Los Angeles resident and comedian Shawn Pelofsky says she’s noticed the effects of drought and water shortages already. “On a recent trip to Big Bear, I saw lakes drying up, wildlife suffering from the heat, and brown patches of earth,” she says. “We need to conserve our natural resources. Take little steps, start by turning off the running water when you brush your teeth… I just tell my LA friends, ‘Preserve water like it is your last vial of Botox’.”

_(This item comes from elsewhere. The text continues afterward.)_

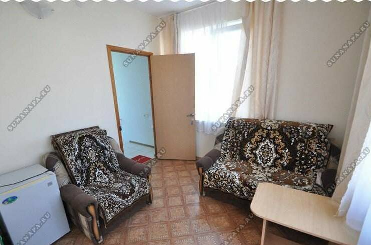 На первом этаже мини-гостиницы «Яна» расположены один большой номер, состоящий из 3-х комнат и отдельной кухней, лоджией на свежем воздухе и отдельным сан. узлом. Идеально подходит для большой кампании и рассчитан на проживание около 8 человек. Имеются парковочные места (бесплатно), песочница и бассейн для детей, много деревьев и цветов. 10−15 мин размеренной походкой до галечного пляжа.

Clint Smith, an Independent running for Congress in Arizona’s 5th District, also has some creative solutions to solve the drought. He explained in a phone interview that there are many aspects to the water crisis, and we need to address them all. “Climate change is real. There are far too many people still denying it, even as we are witnessing water levels at Lake Mead at historic lows. And we are approaching a mega-drought,” he says. “While nearly the entire southwest is facing water shortages, other parts of the country have an abundance.” For Clint, the answer lies with technology — making smart use of the technological capabilities we already have, rather than building something new. “The technology exists to move that water – and we should be exploring all options while we also take steps to increase water efficiency. †

Do Arizona residents have time to come up with long-term solutions such as building water pipelines and water storage plants? And with the new construction across Maricopa county and the endless golf courses across the Valley of the Sun — all of which require water — will Arizona run out of this precious resource?

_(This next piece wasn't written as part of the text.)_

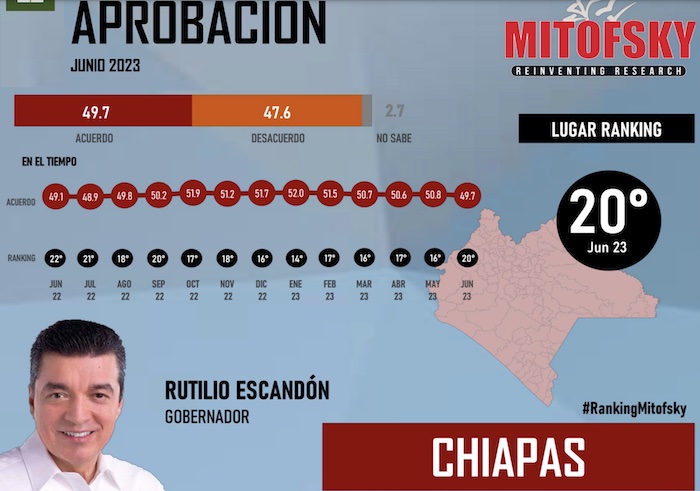 Respecto a la aprobación del Gobernador Rutilio Escandón, Mitofsky lo coloca con un 49.7 por ciento que lo posiciona en el lugar 20 a nivel nacional. En tanto Massive Caller lo coloca como uno de los mandatarios con menor aprobación, al ubicarlo en el lugar 30. Según estos mismos números, el mandatario tiene una aprobación menor a la del Presidente Andrés Manuel López Obrador en el estado que es del 61.8 por ciento.

Buschatzke, the director of the Arizona Department of Water Resources, doesn’t think so. While he believes the challenges on the Colorado River system are serious, the fact that Arizona’s communities have diverse water portfolios other than the Colorado River that include surface water supplies and stored groundwater will help.

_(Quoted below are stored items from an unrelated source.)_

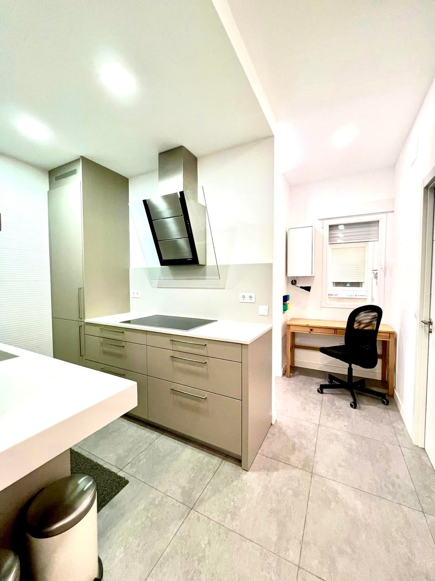 Amplio apartamento reformado, amueblado con 2 TV, 1 dormitorio independiente, 1 baño con ventana, cocina con primeras calidades horno, frigorífico, lavadora, microondas. Recibidor con mesa de trabajo en la ventana del recibidor, salón con 2 ventanas, sofá-cama, bomba de frío/calor.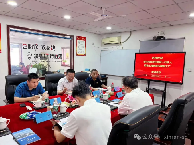 7月3日,泰興市虹橋開發(fā)區(qū)管委會主任孫帥,招商辦孫軍,王曉春等蒞臨信然壓縮機(jī)參觀考察。信然壓縮機(jī)生產(chǎn)廠長高翔、技術(shù)經(jīng)理馬波、辦公室主任程焱等熱情接待。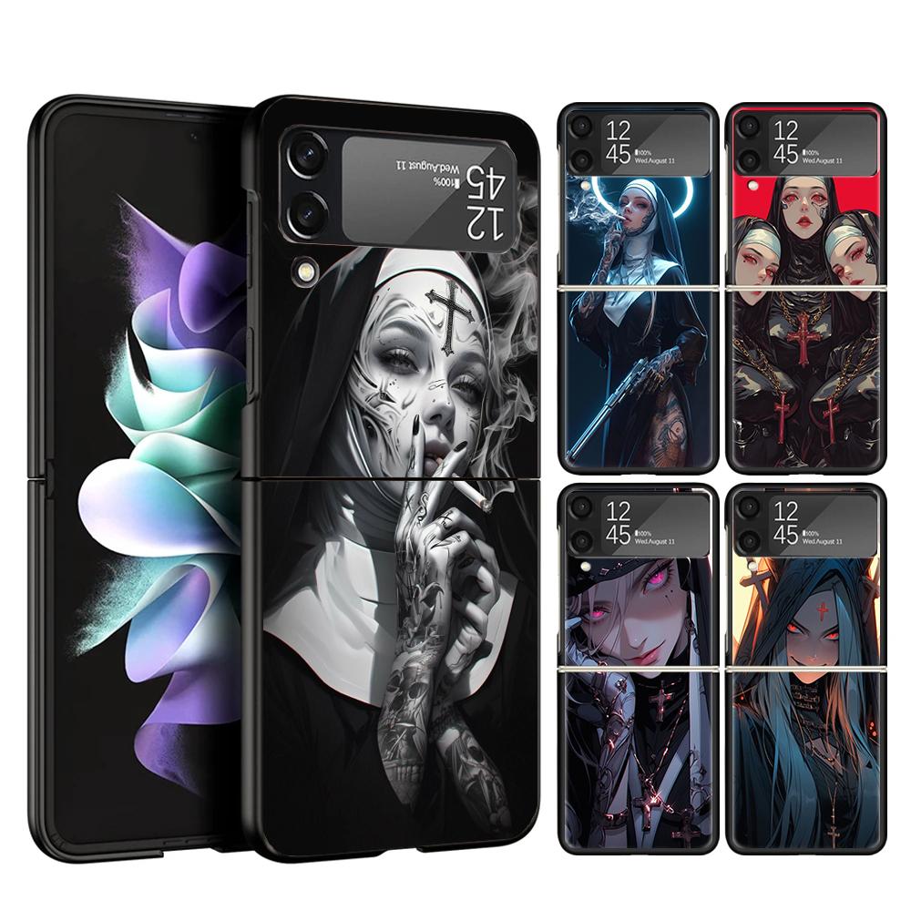 Dark Demon Nun Phone Case For Samsung Galaxy Z Flip 7 6 5 4 3 5G Cover ZFlip7 ZFlip6 ZFlip4 ZFlip5 ZFlip3 Coque Fundas Galaxy Z

“We need to come to terms with the expectation that our hotter, drier future in the southwest is going to mean less water from the Colorado River system. We have to adjust to that,” he says.

As someone who grew up in Arizona and lives here now, I’ve seen the weather patterns change. Summers are hotter and drier, exacerbated by an abundance of concrete with new building projects year after year. Even my trees flower and produce fruit at different times of the year than in the past these days — the fig tree produces fruit in December; the citrus trees start flowering in January rather than March. The climate is definitely changing and one does not need to be a scientist to see the effects in their own gardens.

Arizona used to be the place people moved to for clean air when they had asthma and allergies. Now there are regular air quality warnings. If climate change and the water issues are not addressed, in the next hundred years, there’s reason to believe Arizona won’t be habitable at all.